_INFORMATION_.
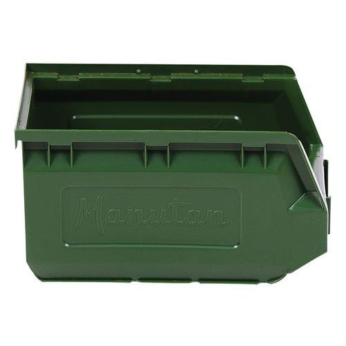 Ideelle til montering på bakkepaneler og til organisering af et hvilket som helst arbejdsområde. Perfekt til opbevaring af små dele og komponenter. Polyethylen af topkvalitet og høj densitet med forstærkede sidevægge, der giver ekstra styrke og stivhed. Særdeles bestandige over for olier, syrer og høje og lave temperaturer. Integreret etiketholder foran på kassen (blanke etiketter findes som ekstraudstyr). Kan bruges fritstående, stablede, på hylder eller monteret på bakkepaneler. Farver: rød, gul, grøn eller blå.
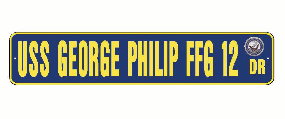 USS GEORGE PHILIP FFG 12 Aluminum Street Sign Navy Blue / Yellow 6" x 30" Military USN SS002
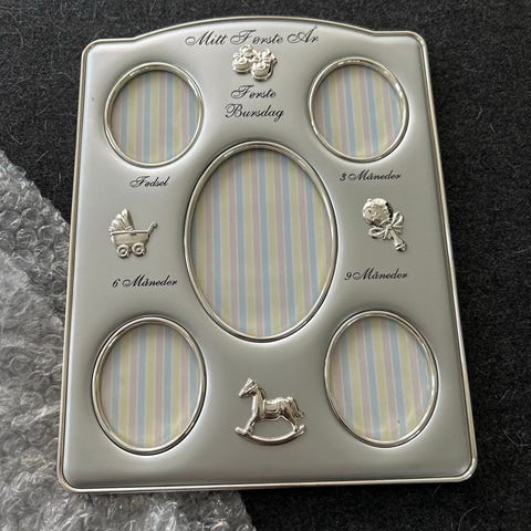 Perfekt som dåpsgave. Bilderamme for å sette inn ulike bilder. Den er helt ny med orginal eske. Kun tatt ut for å ta bilde.
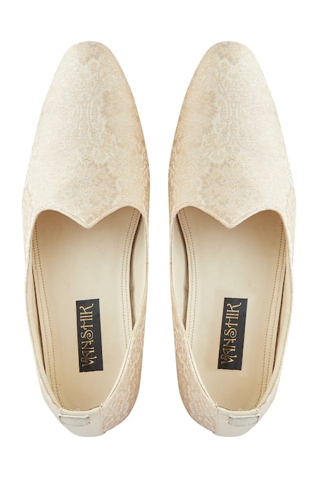 Beige juttis in silk fabric with self-floral embroidered motifs.
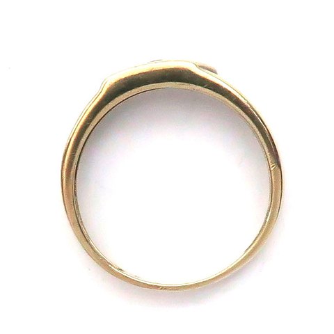 Herrering af 8 kt. guld, stiliseret cross-over front prydet med klar sten i facetslib. Ring str. 66, vægt ca. 3,5 gr.
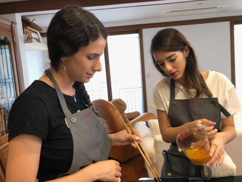 אני באופן אישי בכל מדינה שאני מגיעה אליה, אוהבת מאוד לעשות סיורים קולינריים או סדנאות בישול. אוהבת מאוד להכיר ולהתחבר למדינה דרך האוכל שלה. בסדנה למדנו לבשל אוכל יפני, הכנו 7 מנות קטנות. המורה הייתה מאוד נחמדה וחייכנית לפני שהתחילה הסדנה היא הסבירה לנו על התבלינים ועל החומרים שאנחנו עומדות להשתמש בהם ונתנה לנו לטעום. בנוסף, הסבירה על התבלינים ועל המאכלים המקולים והידועים ביפן. שילמנו לה מראש דרך האתר air bnb שם הזמנו את הסדנה, (אצרף קישור להזמנה). מילאנו מראש העדפות שלנו לאוכל, ציינו מאכלים שאנחנו לא אוהבות או לא מעוניינות בהם, אלרגיות וכו׳. בסוף הבישולים ובמהלך הארוחה היא ענתה על שאלות שלנו בשמחה ולימדה אותנו נימוסי שולחן יפנים (כי שאלנו אותה על הנושא), היה מעניין מאוד ומלמד. חוויה נחמדה ומתאימה למי שאוהב להכיר תרבויות דרך הבטן ולמי שאוהב לטעום מאכלים חדשים ולא שגרתיים.
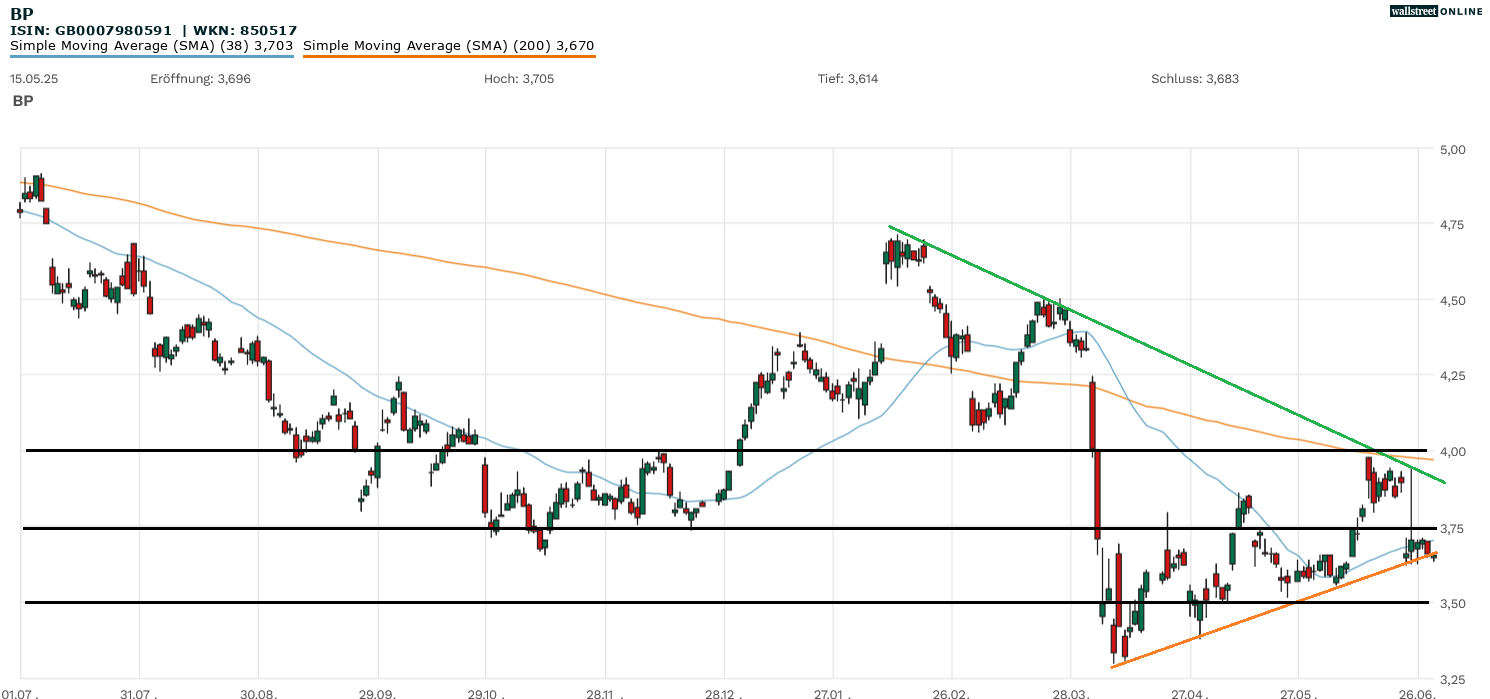 Die Aktie (WKN: 850517 | ISIN: GB0007980591 | Ticker-Symbol: BPE5) des britischen Ölproduzenten scheiterte trotz bester Ausgangslage mit dem Versuch, den markanten Widerstand von 4 GBP zu knacken. Der Abwärtstrend (grün dargestellt) setzte sich einmal mehr durch. Damit scheiterte die Aktie auch mit dem Versuch, die 200-Tage-Linie wieder zurückzuerobern. Der jüngste Rückgang der Ölpreise blieb auch für BP nicht folgenlos. Die Aktie wurde von Gewinnmitnahmen erfasst.
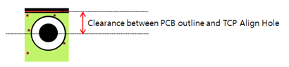 - Clearance between PCB Outline to TCP Align Hole Center: Set the
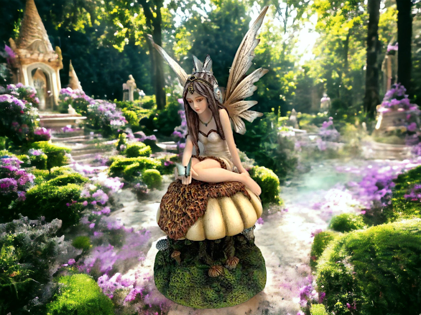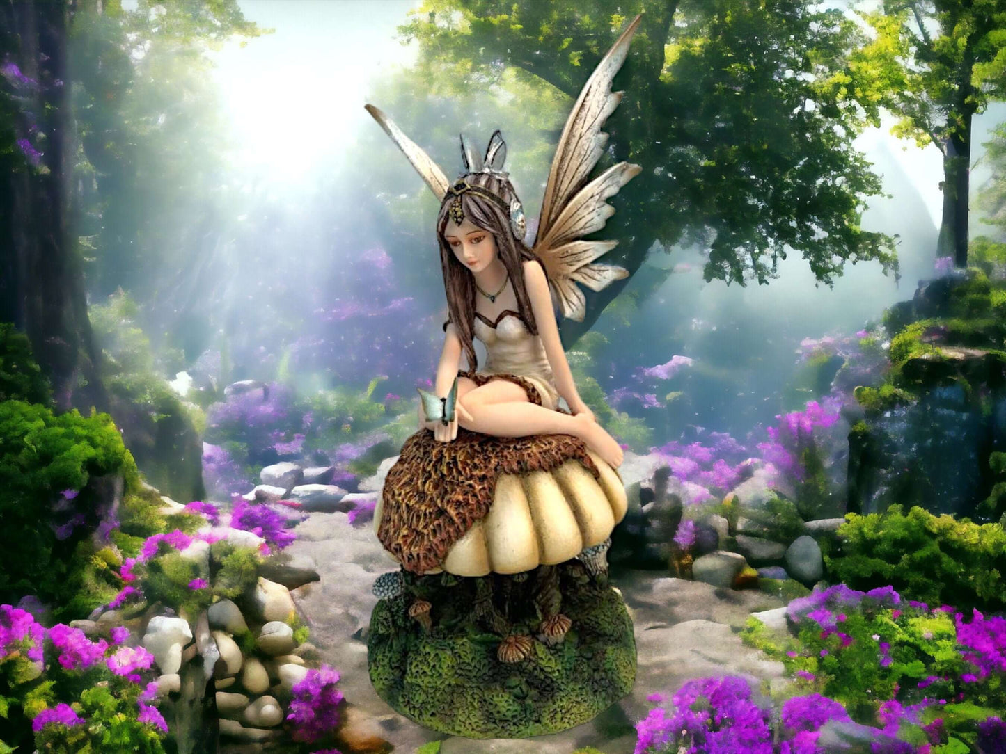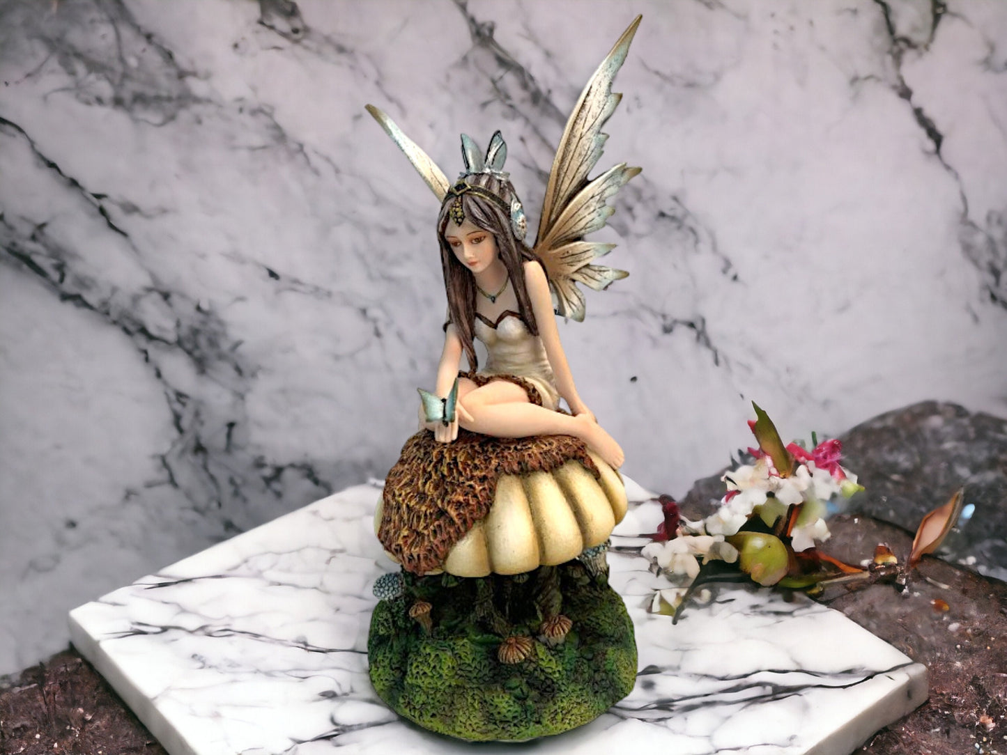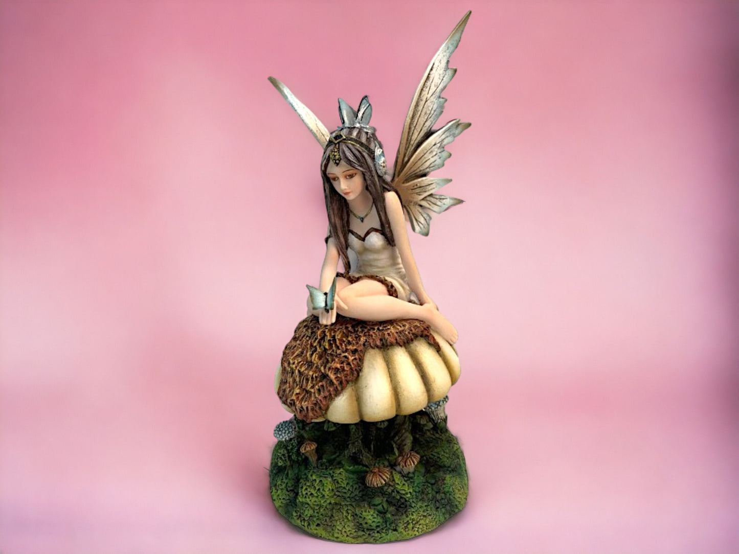 As she sits, lost in a moment with a tiny butterfly friend, this fairy brings a whisper of serenity and charm to any space. Her wings, kissed with the colors of twilight, suggest a life lived among the falling leaves and ancient trees. Every detail, from the gentle creases of the mushroom cap to the fairy's contemplative expression, is crafted to inspire and delight.

_AIM OF THE EXERCISE_.
Exactly as written, please copy out the whole set of records, skipping images.

_RESULT BELOW_.
 Ideelle til montering på bakkepaneler og til organisering af et hvilket som helst arbejdsområde. Perfekt til opbevaring af små dele og komponenter. Polyethylen af topkvalitet og høj densitet med forstærkede sidevægge, der giver ekstra styrke og stivhed. Særdeles bestandige over for olier, syrer og høje og lave temperaturer. Integreret etiketholder foran på kassen (blanke etiketter findes som ekstraudstyr). Kan bruges fritstående, stablede, på hylder eller monteret på bakkepaneler. Farver: rød, gul, grøn eller blå.
 USS GEORGE PHILIP FFG 12 Aluminum Street Sign Navy Blue / Yellow 6" x 30" Military USN SS002
 Perfekt som dåpsgave. Bilderamme for å sette inn ulike bilder. Den er helt ny med orginal eske. Kun tatt ut for å ta bilde.
 Beige juttis in silk fabric with self-floral embroidered motifs.
 Herrering af 8 kt. guld, stiliseret cross-over front prydet med klar sten i facetslib. Ring str. 66, vægt ca. 3,5 gr.
 אני באופן אישי בכל מדינה שאני מגיעה אליה, אוהבת מאוד לעשות סיורים קולינריים או סדנאות בישול. אוהבת מאוד להכיר ולהתחבר למדינה דרך האוכל שלה. בסדנה למדנו לבשל אוכל יפני, הכנו 7 מנות קטנות. המורה הייתה מאוד נחמדה וחייכנית לפני שהתחילה הסדנה היא הסבירה לנו על התבלינים ועל החומרים שאנחנו עומדות להשתמש בהם ונתנה לנו לטעום. בנוסף, הסבירה על התבלינים ועל המאכלים המקולים והידועים ביפן. שילמנו לה מראש דרך האתר air bnb שם הזמנו את הסדנה, (אצרף קישור להזמנה). מילאנו מראש העדפות שלנו לאוכל, ציינו מאכלים שאנחנו לא אוהבות או לא מעוניינות בהם, אלרגיות וכו׳. בסוף הבישולים ובמהלך הארוחה היא ענתה על שאלות שלנו בשמחה ולימדה אותנו נימוסי שולחן יפנים (כי שאלנו אותה על הנושא), היה מעניין מאוד ומלמד. חוויה נחמדה ומתאימה למי שאוהב להכיר תרבויות דרך הבטן ולמי שאוהב לטעום מאכלים חדשים ולא שגרתיים.
 Die Aktie (WKN: 850517 | ISIN: GB0007980591 | Ticker-Symbol: BPE5) des britischen Ölproduzenten scheiterte trotz bester Ausgangslage mit dem Versuch, den markanten Widerstand von 4 GBP zu knacken. Der Abwärtstrend (grün dargestellt) setzte sich einmal mehr durch. Damit scheiterte die Aktie auch mit dem Versuch, die 200-Tage-Linie wieder zurückzuerobern. Der jüngste Rückgang der Ölpreise blieb auch für BP nicht folgenlos. Die Aktie wurde von Gewinnmitnahmen erfasst.
 - Clearance between PCB Outline to TCP Align Hole Center: Set the
 As she sits, lost in a moment with a tiny butterfly friend, this fairy brings a whisper of serenity and charm to any space. Her wings, kissed with the colors of twilight, suggest a life lived among the falling leaves and ancient trees. Every detail, from the gentle creases of the mushroom cap to the fairy's contemplative expression, is crafted to inspire and delight.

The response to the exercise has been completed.